中沢家の人々(84)

「大した荷物ではありません。段ボール箱が3つ程度です」
と、里美は申し訳なさそうに答えた。
「分かった、それじゃあ明日の午後2~3時までの間に品川のお前のアパートまで迎えに行くから」と、
水沢は心良く答えてくれた。
こうして里美と水沢は蒲田のアパートで同居する事となった。間取りは6畳と4畳半の二間で4畳ぐらいのキッチンも付いていて、男所帯にしては割と小綺麗にしていた。朋子のアパートよりは少しばかり狭い気もするが二人なら十分な広さだ。

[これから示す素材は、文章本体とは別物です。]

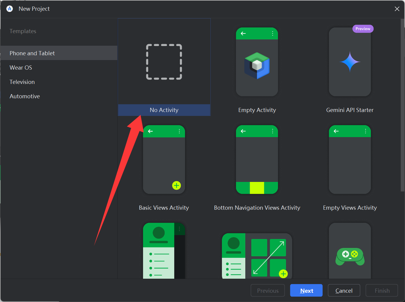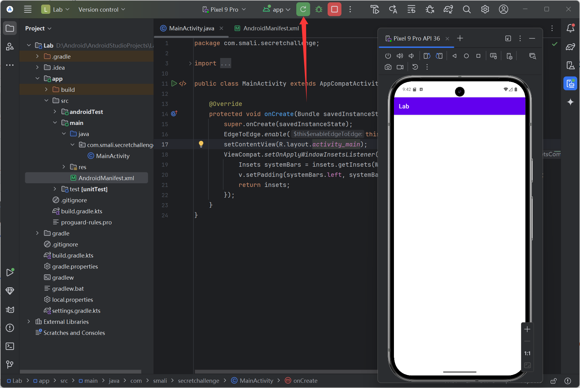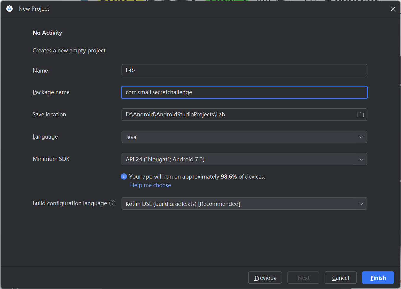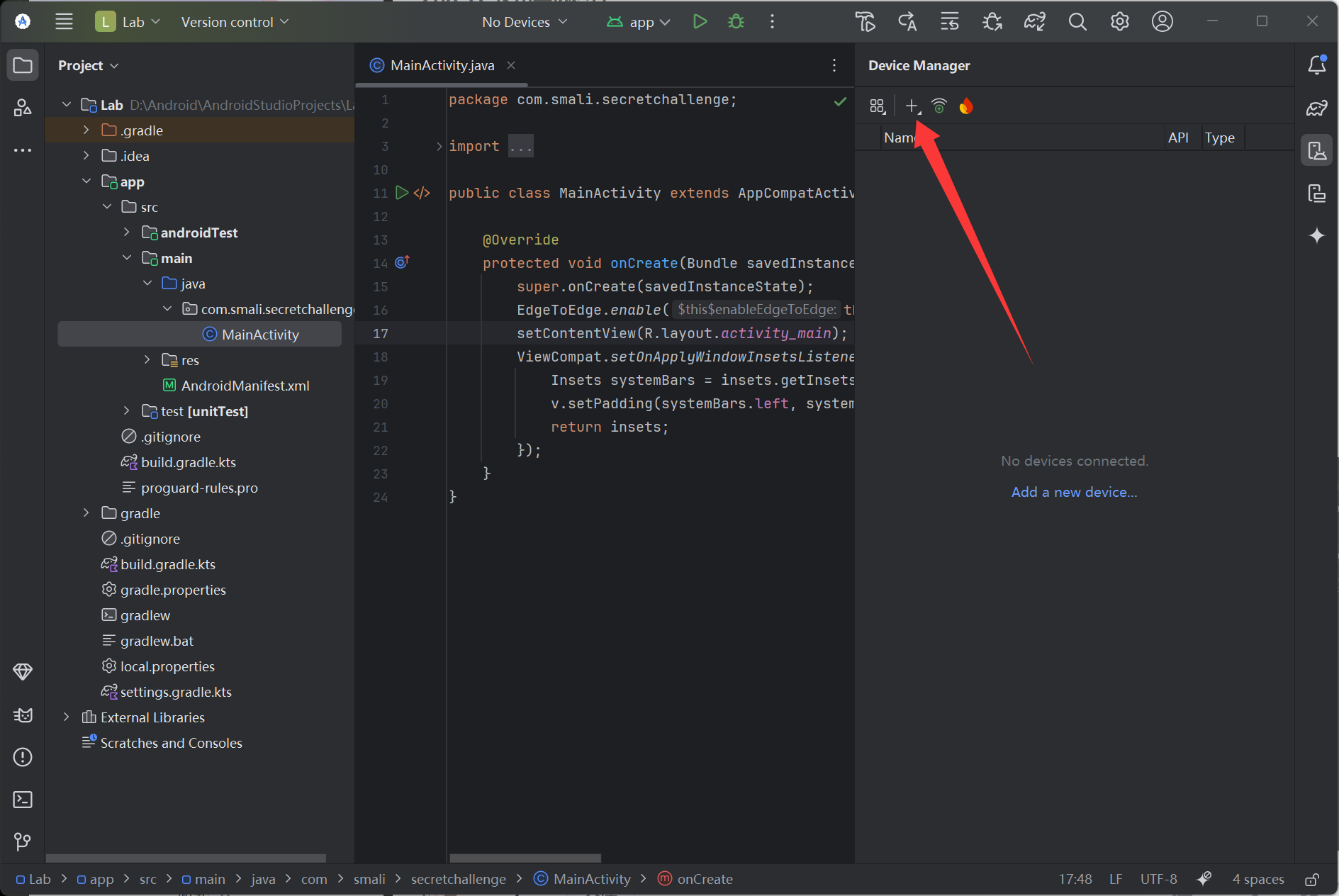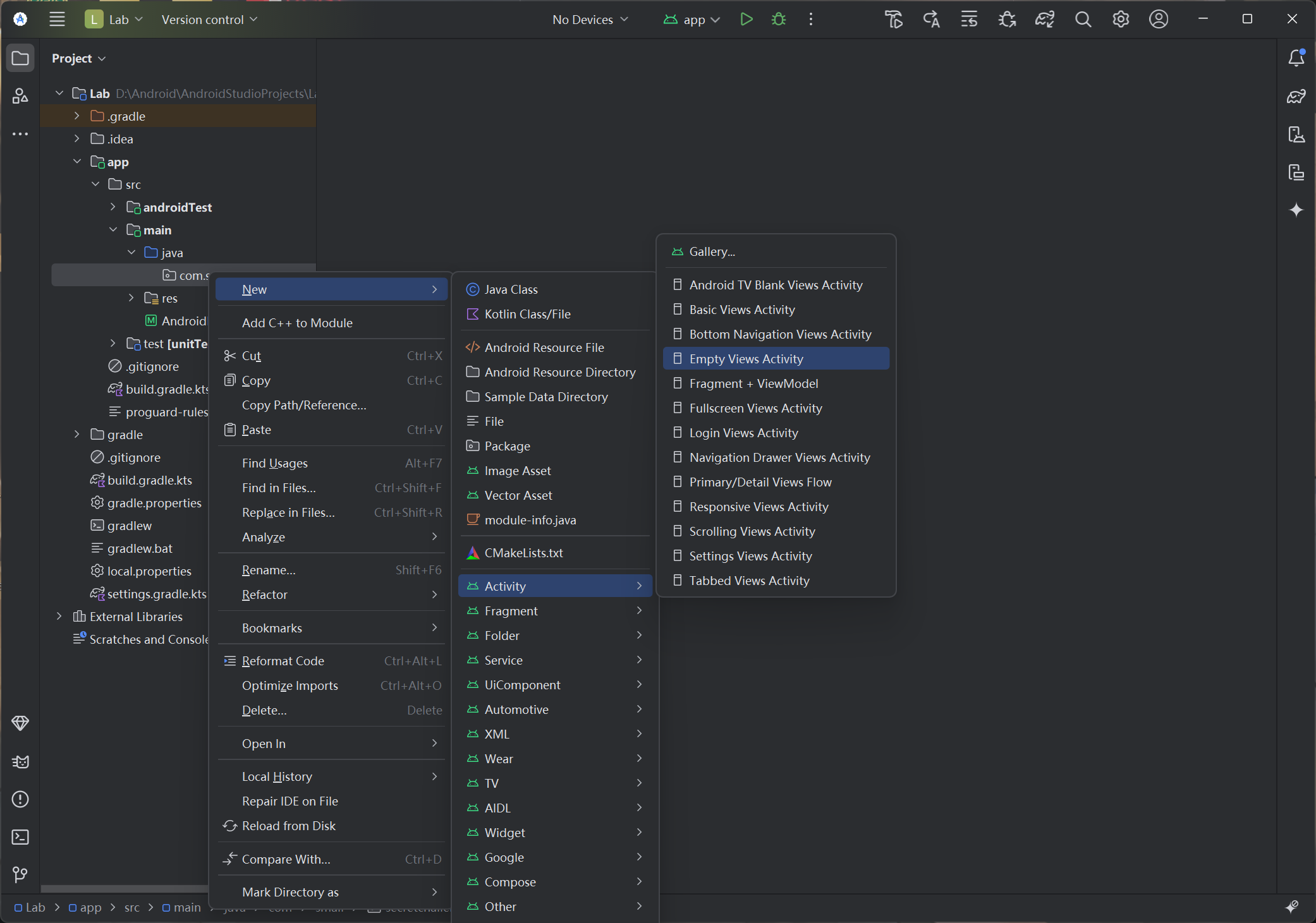创建好之后可能会因为Importing ‘Lab’ Gradle Project卡一会儿,然后创建一个activity:

水沢は6畳の一間を里美に使わせ、自分は4畳半の部屋で寝泊まりしていた。彼はとても紳士的で里美が恐れていた様な事は何も起こらなかった。
時々は里美が夕食や朝食を作る事もあったが、多くはスーパーの弁当や惣菜が多かった。こうして一か月以上は何事もなく教師と生徒の関係だけで時が流れた。里美は高校に今までと同じ様に通い続けた。彼女は相変わらず喫茶店のバイトもしていた。水沢のアパートに移った直ぐの5月に里美は20才の誕生日を迎えた。水沢は小さなバースデーケーキを用意してくれた。「先生はどうして私の誕生日を知っていたのですか?」
「な~に、お前の学籍簿を見ただけだよ」
「何だ、そう云う事だったのですか!…でも嬉しいです」
「折角の20才の誕生日なのに安月給の身だから何も出来ず、こんなケーキだけで悪いな!」
「いいえ、先生のそんな気持ちだけで十分です」
こうして師弟のささやかな誕生パーティーの夜は過ぎさった。
水沢のアパートに落ち着き、学校での生活も以前と変わりなく過ごす内に、新しい職場探しへの意欲も少しづつ薄れ日々の生活に慣れ毎日が淡々と流れて行った。
梅雨も明け切らない7月5日の土曜日、夜9時頃から雨が強く降り始めた。折り畳み傘は持っていたものの、学校帰りの里美はずぶ濡れになってアパートに何とか帰り着いた。
濡れた衣類は洗濯機に入れ、先ずはシャワーを浴びた。体を洗い流し人心地ついた所に水沢が帰って来る。里美はバスタオルで身体を被いながらサイダーを飲んでいた。
そこに水沢がまたずぶ濡れになって帰って来たのだ。
「あら、大変!…早くシャワーでも浴びなければ風邪を引いてしまうわ」
と、里美が急ぎ別のタオルを取りに立とうとした瞬間、彼女の身体を被っていたバスタオルが、その身体からすべり落ちてしまった。慌てて落ちたバスタオルを拾い上げ自分の身体を被い隠したが、その美しき裸体は水沢の目に否応(いやおう)なく飛び込んで来た。
もちろん水沢は何も見なかったかの様な顔はしていたが、心の動揺は隠せず靴を脱ぐ時に玄関の上がり框(かまち)で足を引っ掛け転倒し膝頭を強く打ってしまった。